Posted on • Originally published at github.com

I tried to break my own MCP prompt-injection detector. One class of attack walks straight through - and it isn't a bug.

I maintain bulwark-mcp, a small open-source proxy that sits between an MCP client (Claude Desktop, Cursor) and the servers it talks to, and scans tool results for indirect prompt injection before they reach the model.

The reason that's a job worth doing: an MCP-enabled agent reads the output of every tool it calls, and it reads that output as data. A file from disk, an issue body from GitHub, a row from a database, a search snippet from the web — it all flows straight into the model's context. Except sometimes it isn't data. Anyone with write access to one of those surfaces can plant text that looks like data and reads like instructions, and the model does what the text says.

Before telling anyone the detector works, I did the thing you're supposed to do with a security tool: I tried to defeat it. Most of what I threw at it, it caught. One category didn't — and the more I dug, the clearer it got that this isn't a regex I forgot to write. It's a wall the entire field is standing in front of.

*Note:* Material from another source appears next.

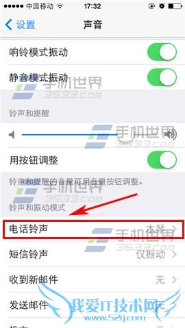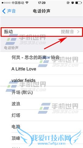 2)打开后我们再点击【电话铃声】,打开后点击【震动】。(如下图)

Here's the attack, why it works, and what I think it means for anyone building injection defenses.

What the detector actually does

bulwark-mcp inspects every tool result bound for the agent in two passes: a set of ~24 regex signatures (drawn from garak, promptfoo, Trojan Source, and embracethered), and an optional local LLM classifier — Ollama running qwen2.5:3b by default. Nothing leaves the machine.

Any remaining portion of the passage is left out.